Model Accuracy: Training and Test Datasets

The main parameters include ‘Total Bilirubin’ and ‘A/G Ratio’. From these parameters, albumin level can be predicted, which will help in diagnosing the patient faster. The prediction has an average accuracy of 89.353%. Age and gender also play a significant role in determining the albumin level (Table 1).

Table 1 Table for accuracy and predicted albumin level

Table 1 consists of total_bilirubin, a/g_ratio, and albumin, which were already given. The fifth column predicts the albumin level from the model built with an average accuracy of 86.72%.

5 Conclusion

A multiple linear regression model has been prepared, which has one dependent variable and four independent variables. Initial model was prepared using the backward elimination method. The variables were eliminated based on their significance level. Least significant variables were removed from the model. Highly correlated independent variables were excluded as well. A final linear model was prepared where the dependent variable was linearly related to each of the independent variable and the model consisted of just the significant, nonlinear independent variables.

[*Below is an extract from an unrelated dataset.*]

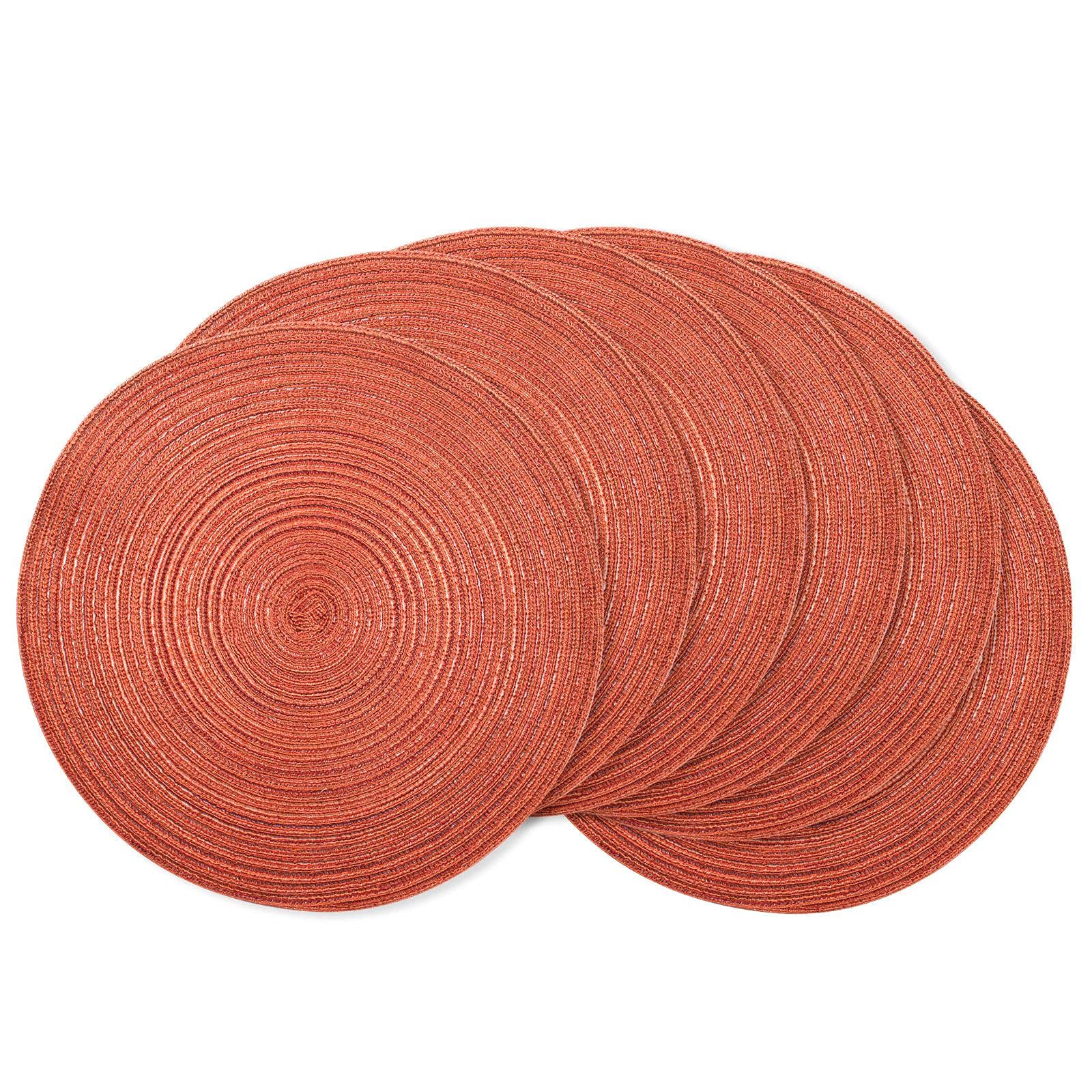 AHHFSMEI Round Braided Placemats Set of 6 Round Table Mats for Dining Tables Natural Woven Heat Resistant Place mats 15 Inch (Dark Orange)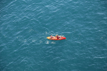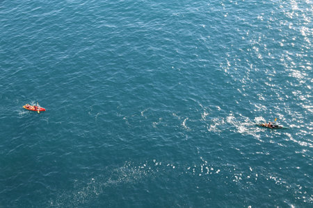 blue sea water, red yellow boat with oars floats, two people sport background Dubrovnik, Croatia April 22, 2023. High quality photo

The model prepared predicts with an average accuracy of 89.34%. It predicts the level of albumin in a patient, which is highly dependent on the four independent variables defined in the model. Albumin level will help the doctor think in the right direction and help diagnose the patient faster. Usually, it is assumed that significant changes in the albumin level indicate that the patient is probably having problems in his lever. The model made works well on new dataset as well.